**Work task**
I'd like the data beneath this line reproduced exactly, without any of its images.

**Source data**
= = = =

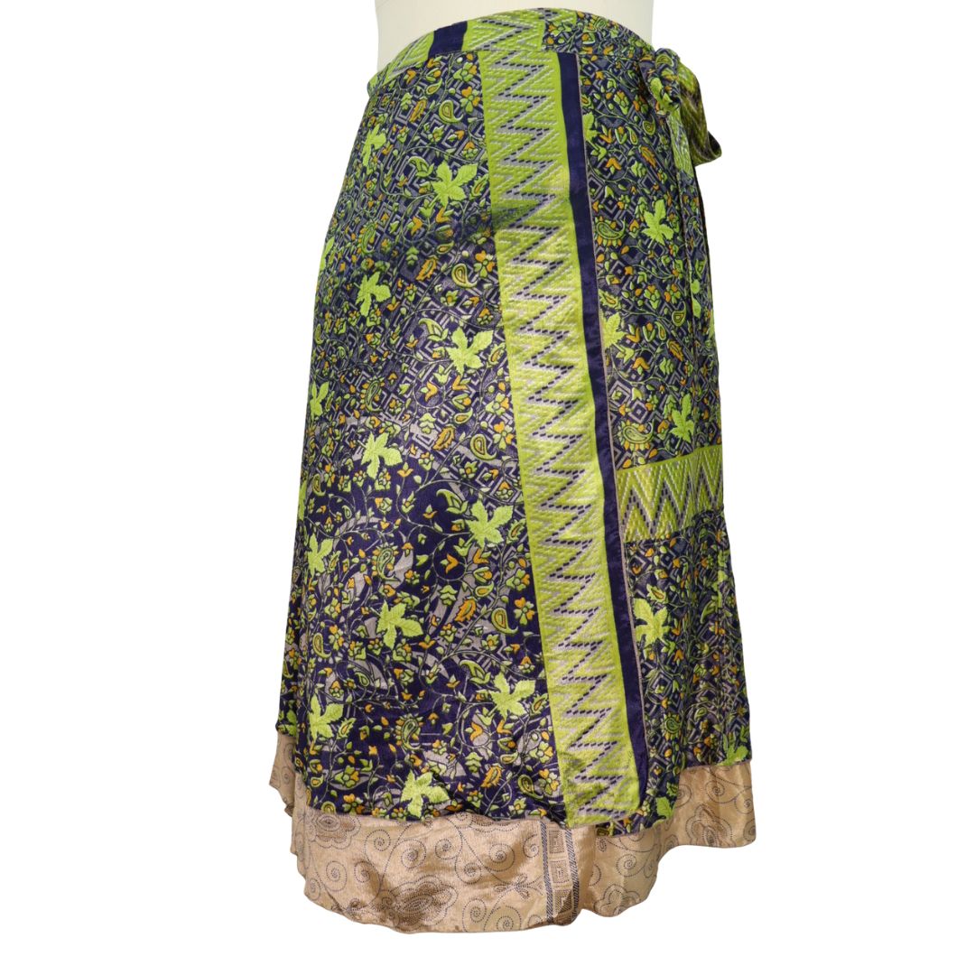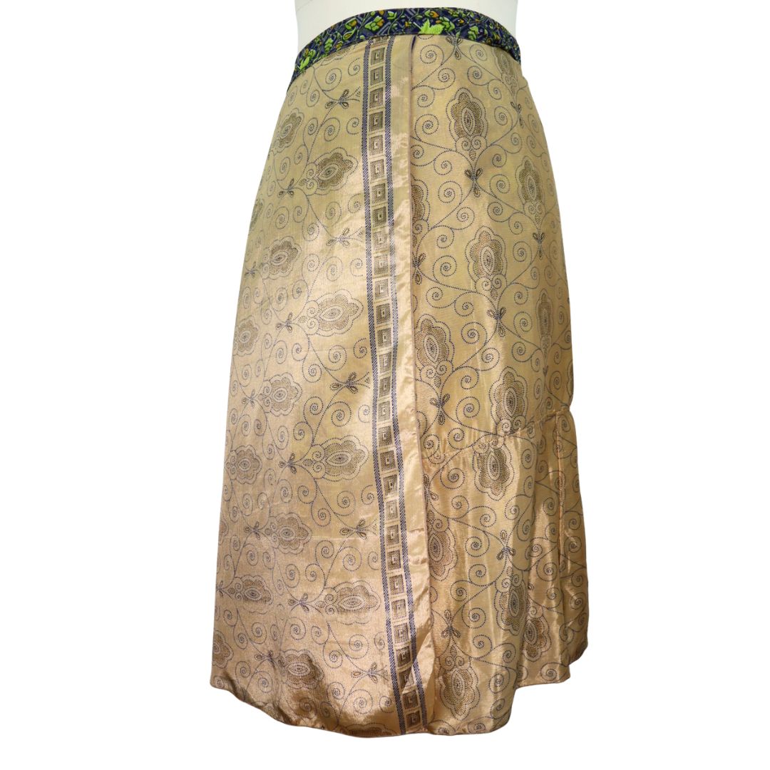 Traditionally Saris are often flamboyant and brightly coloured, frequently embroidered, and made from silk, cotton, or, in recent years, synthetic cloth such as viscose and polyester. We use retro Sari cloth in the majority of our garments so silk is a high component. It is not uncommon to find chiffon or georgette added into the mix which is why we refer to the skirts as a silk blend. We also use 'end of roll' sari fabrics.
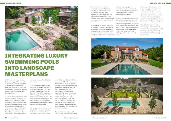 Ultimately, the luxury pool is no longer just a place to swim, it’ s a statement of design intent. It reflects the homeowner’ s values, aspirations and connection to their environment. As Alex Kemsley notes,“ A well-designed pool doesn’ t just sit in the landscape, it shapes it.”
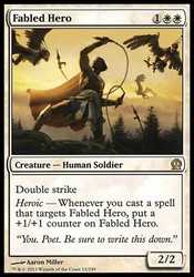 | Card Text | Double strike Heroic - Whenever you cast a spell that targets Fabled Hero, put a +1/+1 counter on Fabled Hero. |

= = = =

**Result below**
 Traditionally Saris are often flamboyant and brightly coloured, frequently embroidered, and made from silk, cotton, or, in recent years, synthetic cloth such as viscose and polyester. We use retro Sari cloth in the majority of our garments so silk is a high component. It is not uncommon to find chiffon or georgette added into the mix which is why we refer to the skirts as a silk blend. We also use 'end of roll' sari fabrics.
 Ultimately, the luxury pool is no longer just a place to swim, it’ s a statement of design intent. It reflects the homeowner’ s values, aspirations and connection to their environment. As Alex Kemsley notes,“ A well-designed pool doesn’ t just sit in the landscape, it shapes it.”
 | Card Text | Double strike Heroic - Whenever you cast a spell that targets Fabled Hero, put a +1/+1 counter on Fabled Hero. |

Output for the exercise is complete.